Data below
■ ■ ■ ■ ■
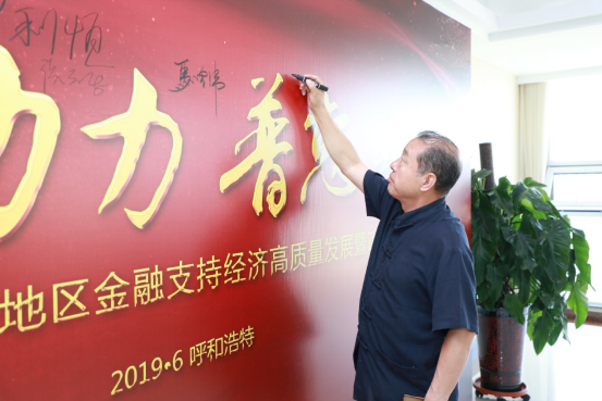 內(nèi)蒙古農(nóng)牧業(yè)產(chǎn)業(yè)化龍頭企業(yè)協(xié)會執(zhí)行會長林永亮在簽名墻簽名
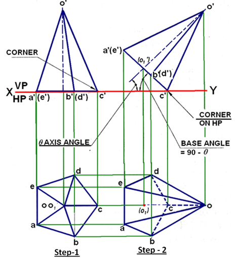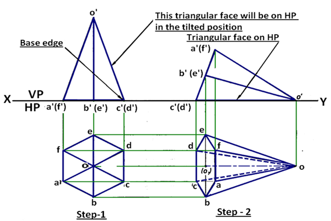 If a pyramid has to be placed on one of its triangular faces on HP, then initially let the pyramid be placed with its base on HP such that the base edge containing that face is perpendicular to VP. (i.e. perpendicular to XY line). Figure 4 illustrates the sequence in obtaining the projections of the pyramid. In the first front view, the inclined line, o’c’(d’) represents a triangular face. Redraw the front view such that the line representing the triangular face o’c’(d’) lies on HP. Project the top view in this position.
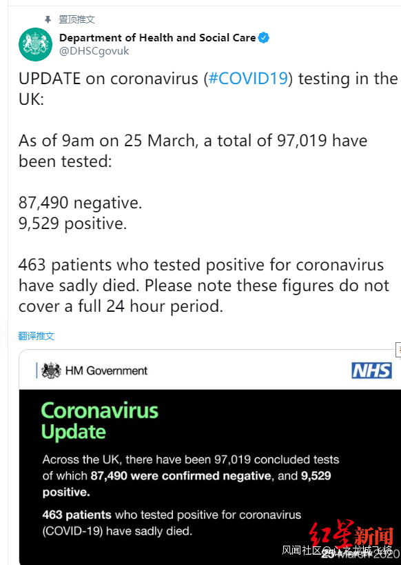 英國衞生與社會保障部在社交媒體賬號上的疫情通報,圖據社交媒體截圖 每日一更,粉絲坐等他更新
■ ■ ■ ■ ■
Instructions to follow
Exactly the lines from the one with "If a pyramid" to the last line of the listing are wanted, both ends included and pictures excluded.

Final answer
 If a pyramid has to be placed on one of its triangular faces on HP, then initially let the pyramid be placed with its base on HP such that the base edge containing that face is perpendicular to VP. (i.e. perpendicular to XY line). Figure 4 illustrates the sequence in obtaining the projections of the pyramid. In the first front view, the inclined line, o’c’(d’) represents a triangular face. Redraw the front view such that the line representing the triangular face o’c’(d’) lies on HP. Project the top view in this position.
 英國衞生與社會保障部在社交媒體賬號上的疫情通報,圖據社交媒體截圖 每日一更,粉絲坐等他更新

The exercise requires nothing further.